Exercise directions:
Only the lines from the one with "Fira självständighetsdagen med" to the end of the data below should be given again, exactly, with both ends included and pictures omitted.
[[ Source data, beginning ]]
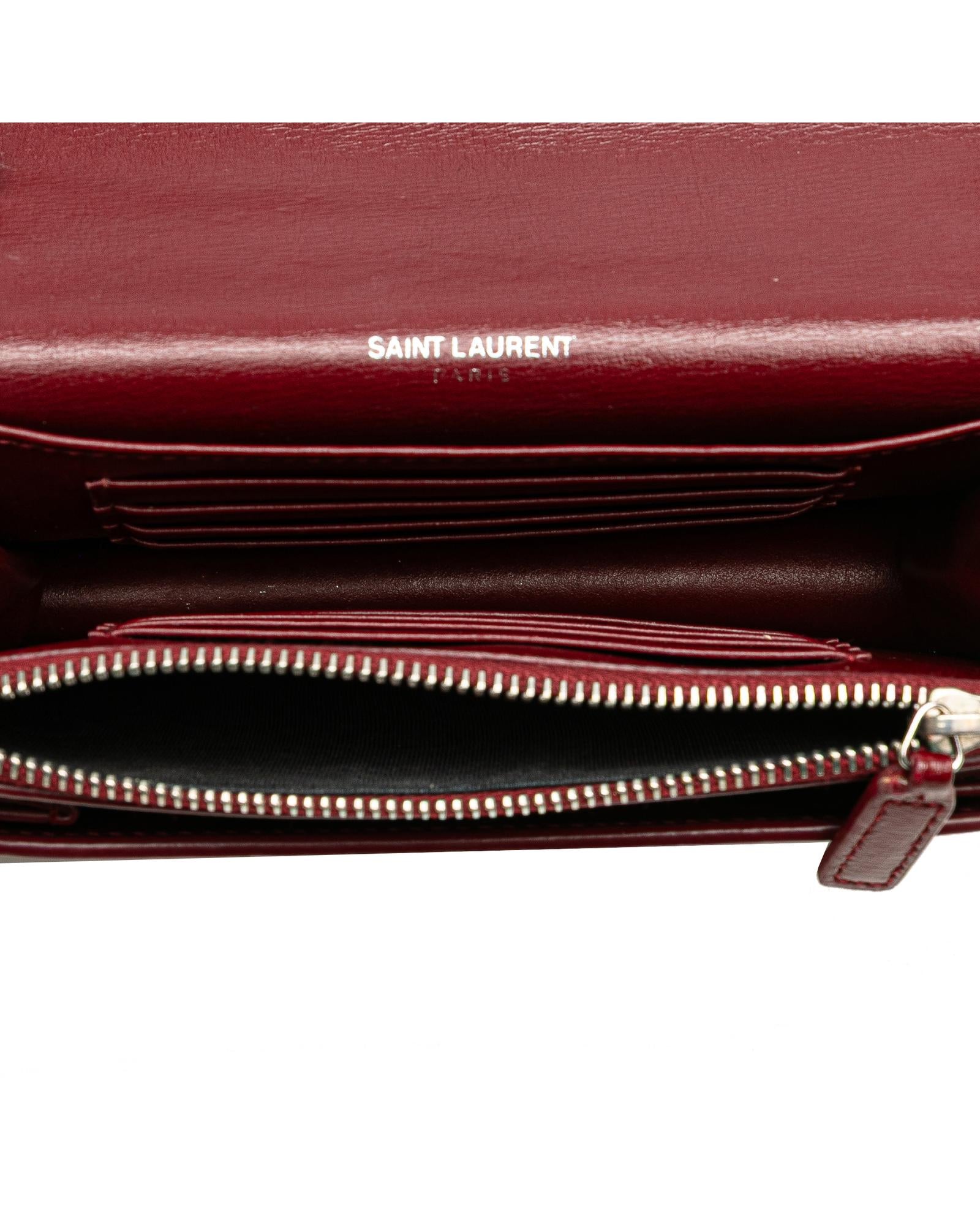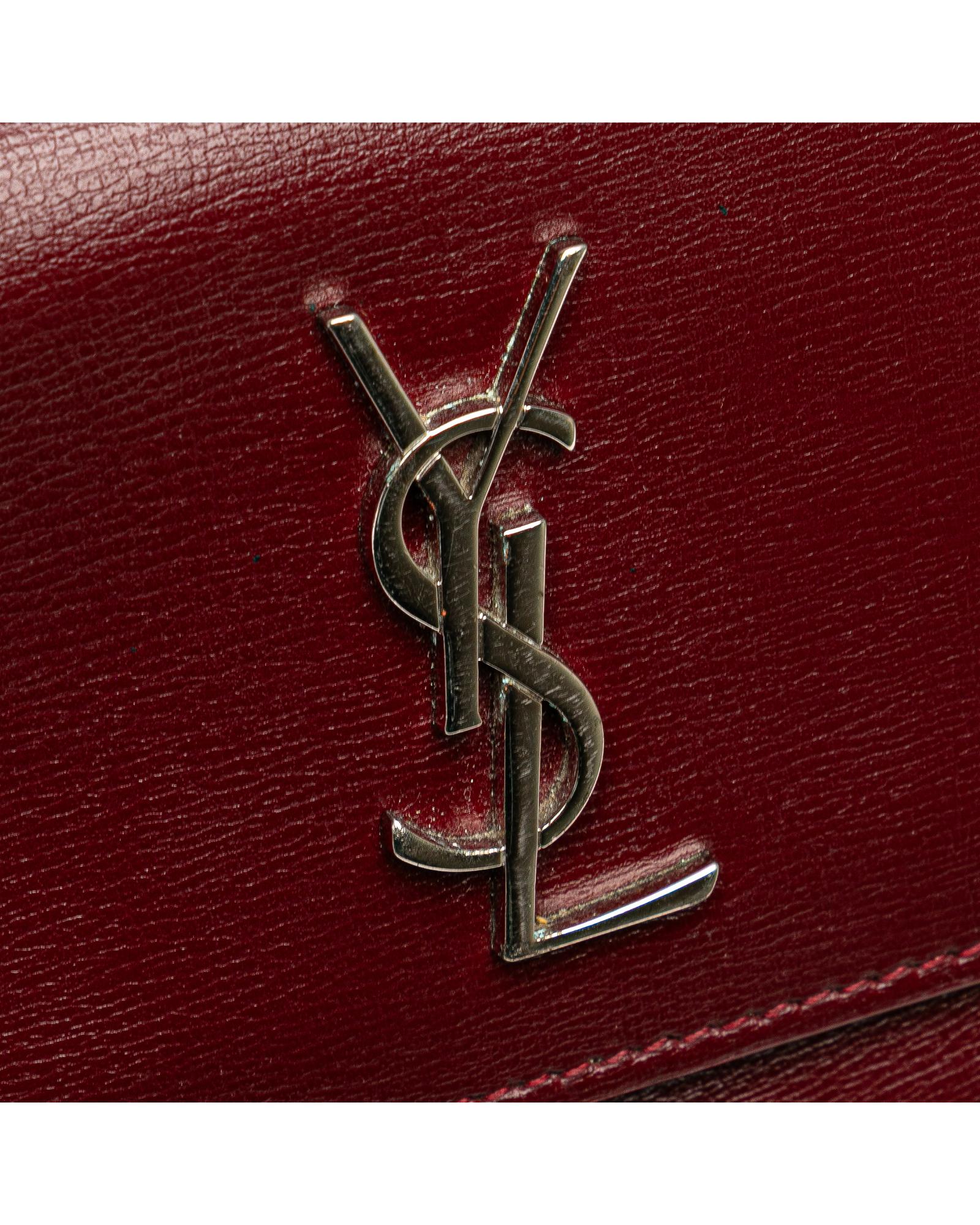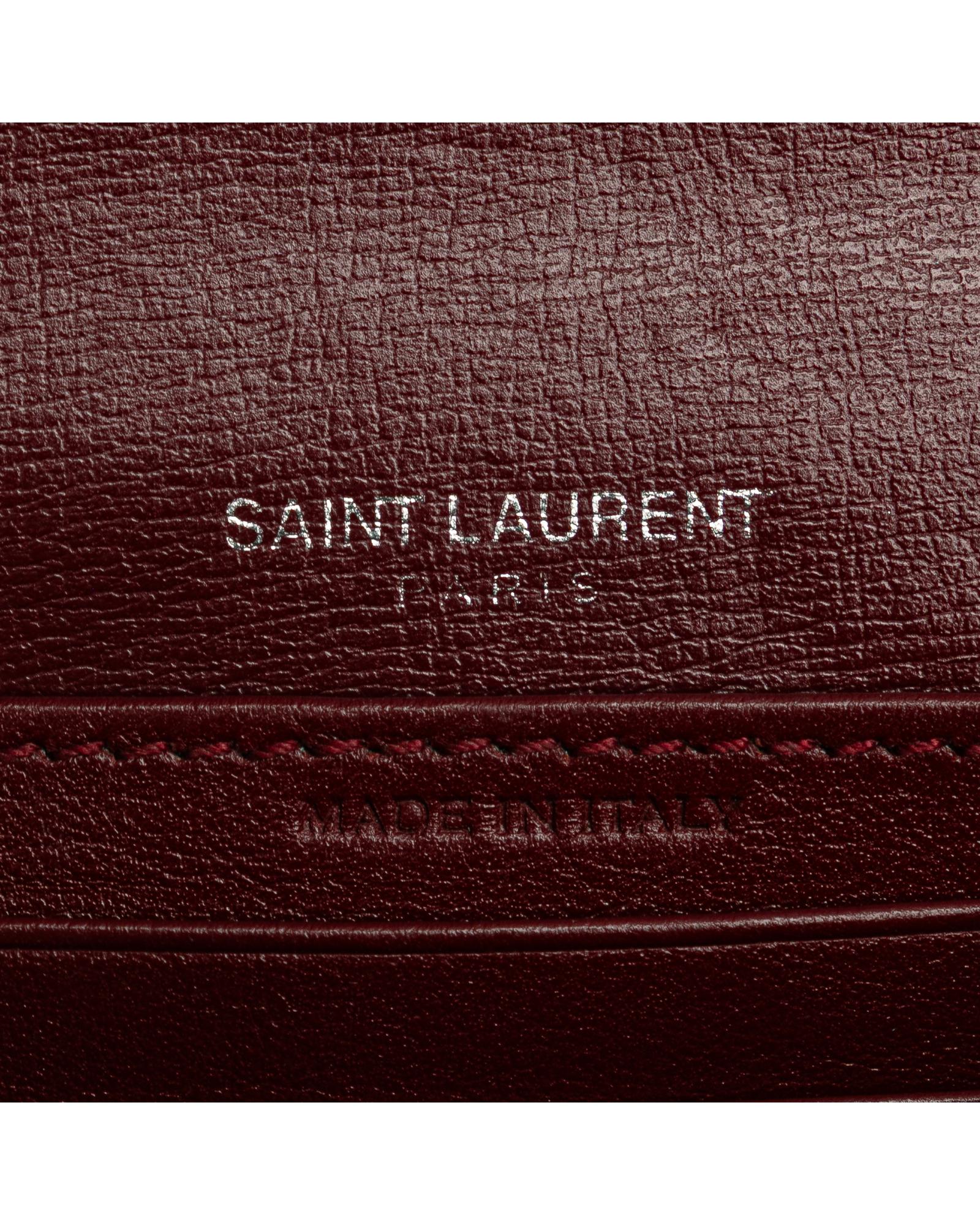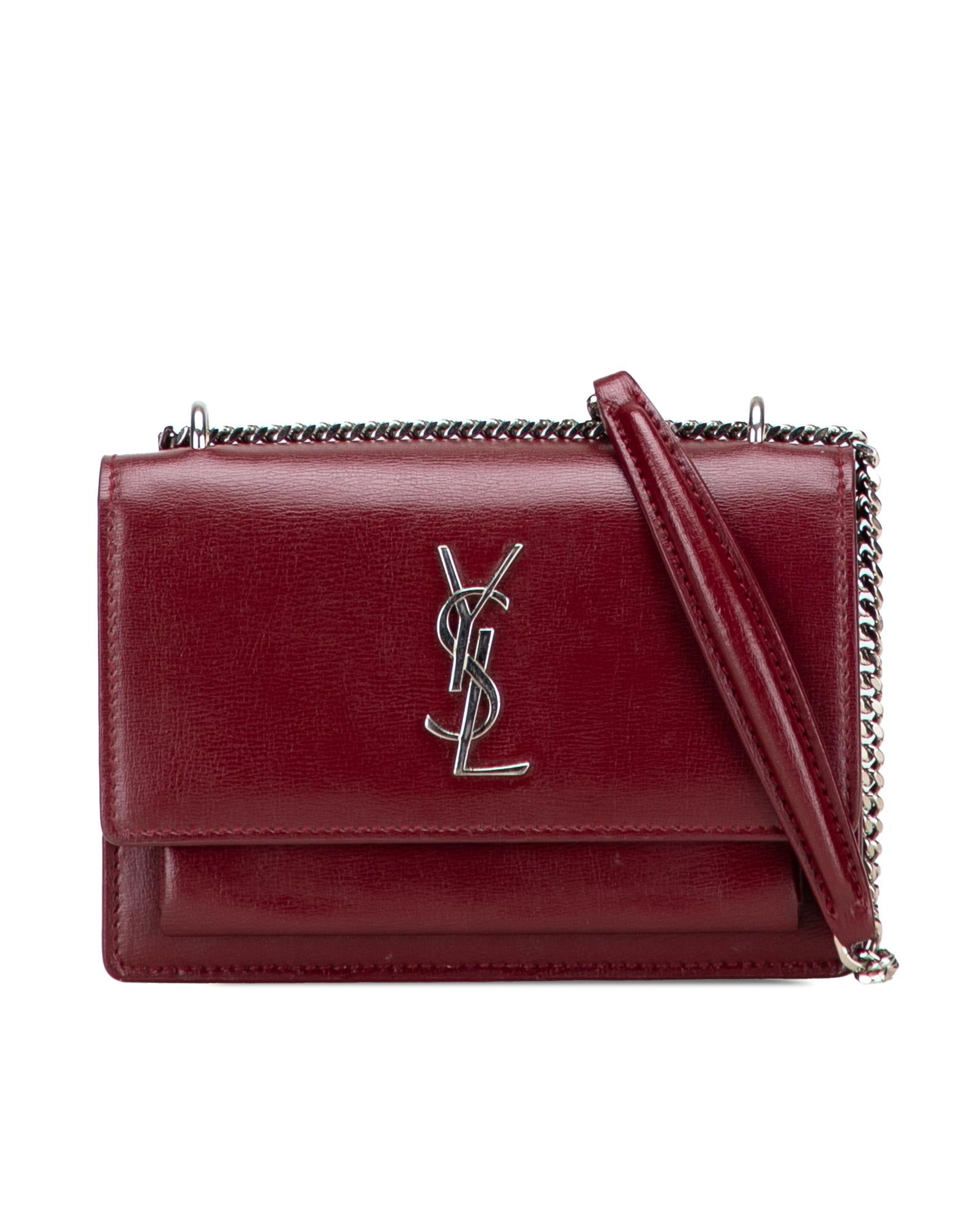 The Sunset chain wallet features a leather body a chain link shoulder strap with leather guard a top flap with magnetic snap button closure an exterior front open pocket and interior zip and slip compartments.Brand: Saint Laurent Vintage
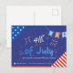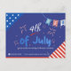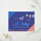 Fira självständighetsdagen med detta minimalistiska men festliga inbjudningskort. Den djupblåa bakgrunden sätter scenen för den djärva "Happy 4th of July"-texten i ljusblått och vitt. Minimalistiska illustrationer av smällare och stjärnexplosioner i rött, vitt och blått lägger till en touch av fyrverkeri-flair. Hängande vimplar med bokstäverna "U", "S" och "A" och triangulära sektioner med stjärnor och ränder hyllar den amerikanska flaggan. Denna design hittar den perfekta balansen mellan enkelhet och patriotism, vilket gör den till ett idealiskt val för dina 4 juli-firande inbjudningar.
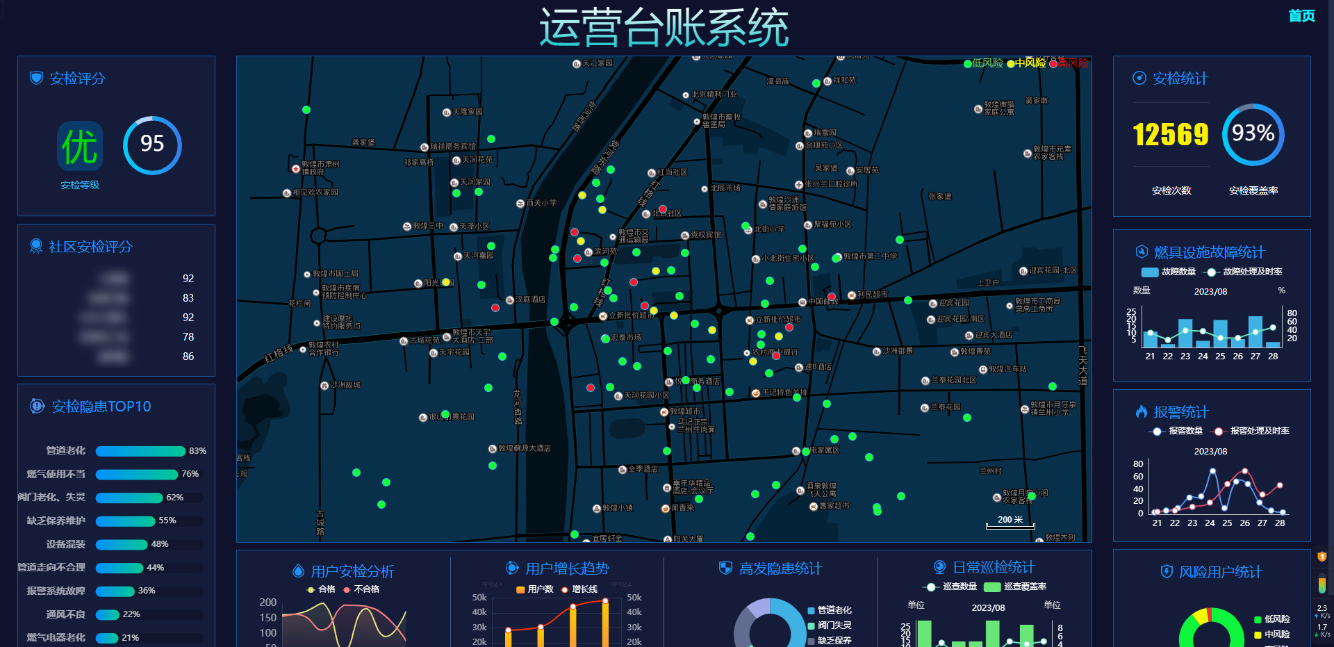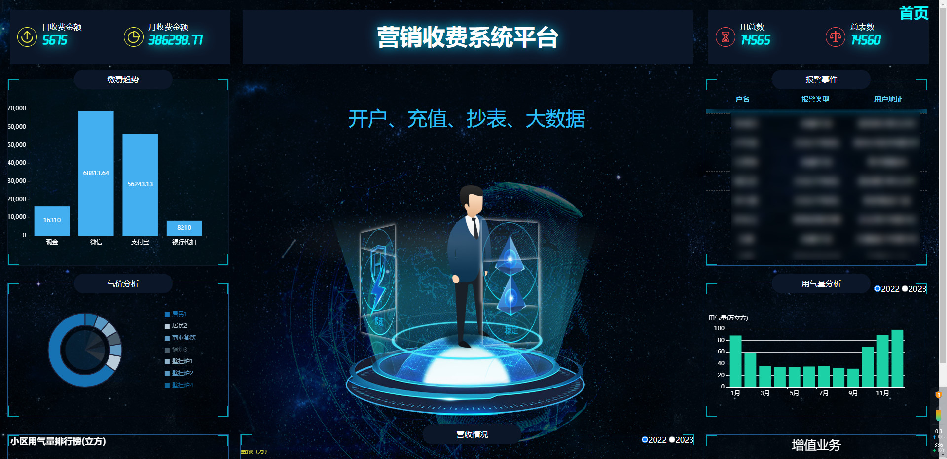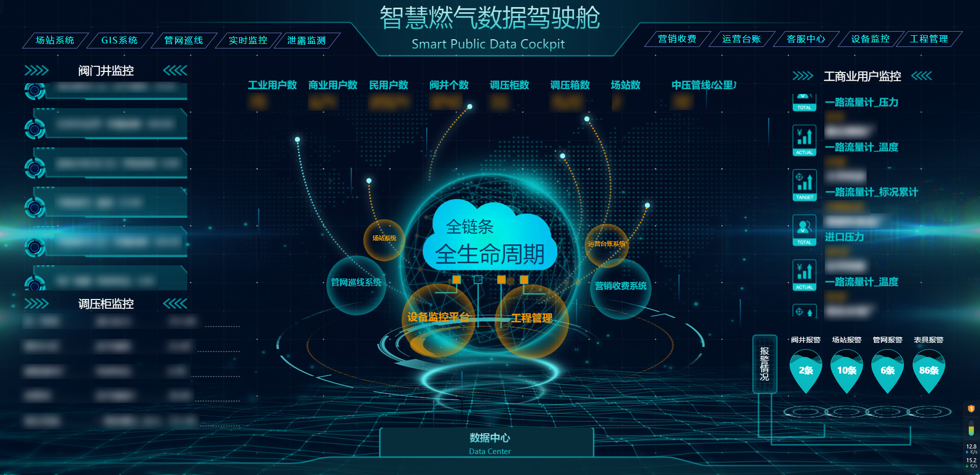 智慧公用數(shù)據(jù)駕駛艙是集源-管-端,為一體的實(shí)時(shí)監(jiān)控平臺(tái),平臺(tái)集成場站系統(tǒng)、GIS系統(tǒng)、管網(wǎng)巡線、實(shí)時(shí)監(jiān)控、泄露監(jiān)測、營銷收費(fèi)、運(yùn)營臺(tái)賬、客服中心、設(shè)備監(jiān)控、工程管理,一整套全流程,全鏈條,全生命周期的平臺(tái)。
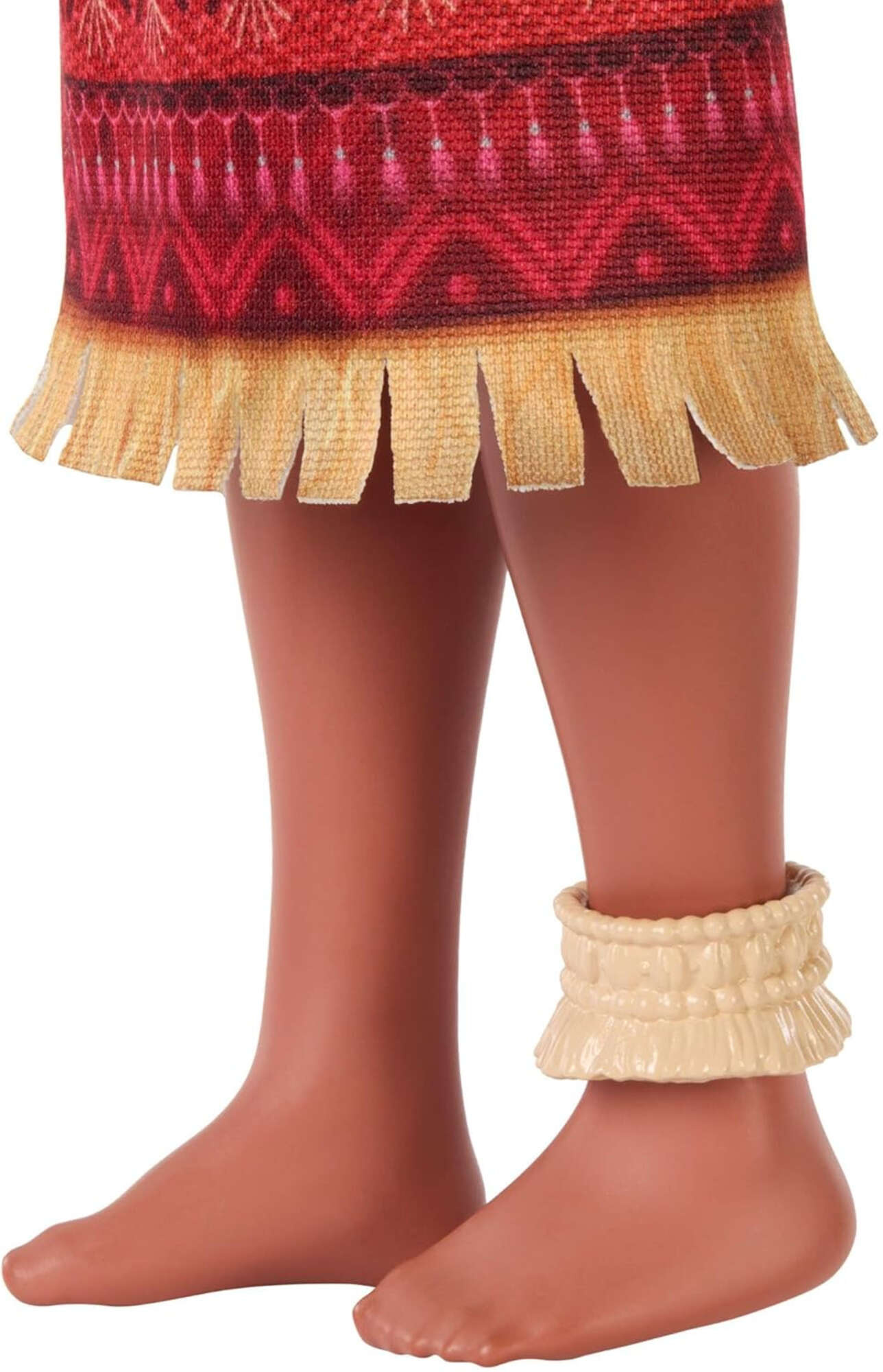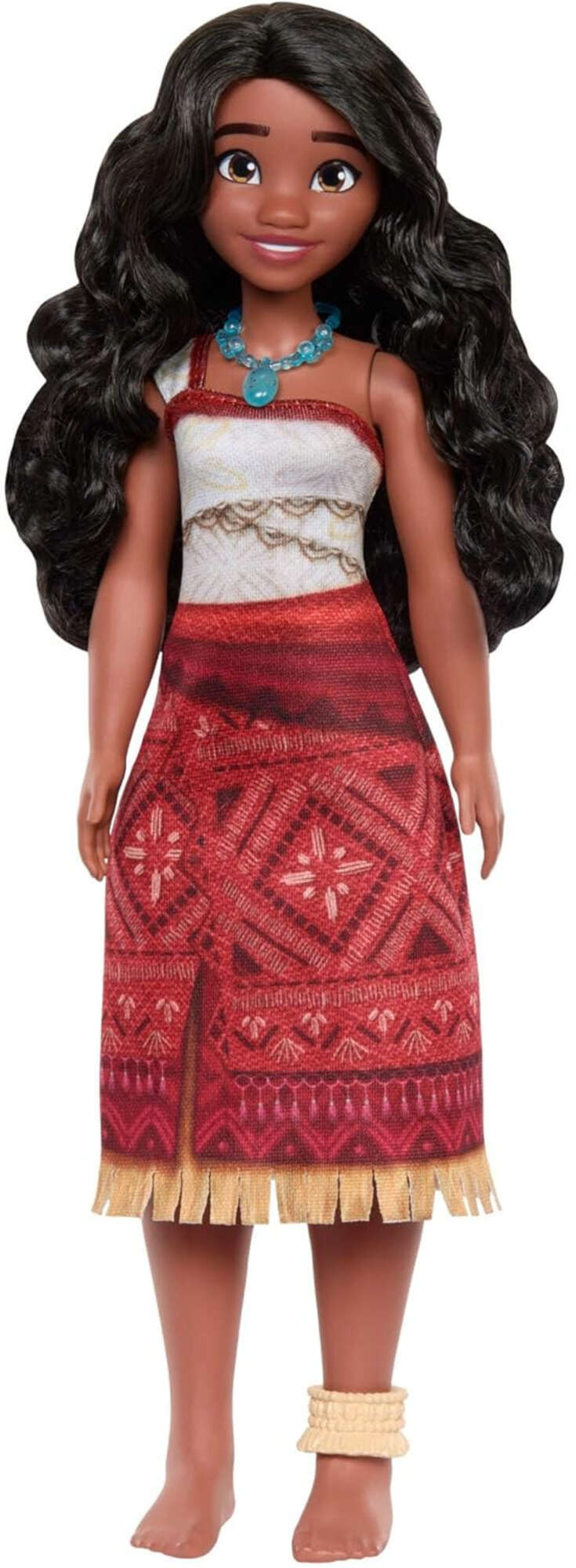 - Lalka Vaiana od Mattel zachwyca wiernym odwzorowaniem filmowego wyglądu bohaterki. Ma ciemnobrązowe, długie i lekko falowane włosy, które można stylizować. Jej strój składa się z jasnego topu z białymi wzorami oraz czerwonej spódnicy z tropikalnym nadruki
[[ Source data, end ]]
Written answer:
 Fira självständighetsdagen med detta minimalistiska men festliga inbjudningskort. Den djupblåa bakgrunden sätter scenen för den djärva "Happy 4th of July"-texten i ljusblått och vitt. Minimalistiska illustrationer av smällare och stjärnexplosioner i rött, vitt och blått lägger till en touch av fyrverkeri-flair. Hängande vimplar med bokstäverna "U", "S" och "A" och triangulära sektioner med stjärnor och ränder hyllar den amerikanska flaggan. Denna design hittar den perfekta balansen mellan enkelhet och patriotism, vilket gör den till ett idealiskt val för dina 4 juli-firande inbjudningar.
 智慧公用數(shù)據(jù)駕駛艙是集源-管-端,為一體的實(shí)時(shí)監(jiān)控平臺(tái),平臺(tái)集成場站系統(tǒng)、GIS系統(tǒng)、管網(wǎng)巡線、實(shí)時(shí)監(jiān)控、泄露監(jiān)測、營銷收費(fèi)、運(yùn)營臺(tái)賬、客服中心、設(shè)備監(jiān)控、工程管理,一整套全流程,全鏈條,全生命周期的平臺(tái)。
 - Lalka Vaiana od Mattel zachwyca wiernym odwzorowaniem filmowego wyglądu bohaterki. Ma ciemnobrązowe, długie i lekko falowane włosy, które można stylizować. Jej strój składa się z jasnego topu z białymi wzorami oraz czerwonej spódnicy z tropikalnym nadruki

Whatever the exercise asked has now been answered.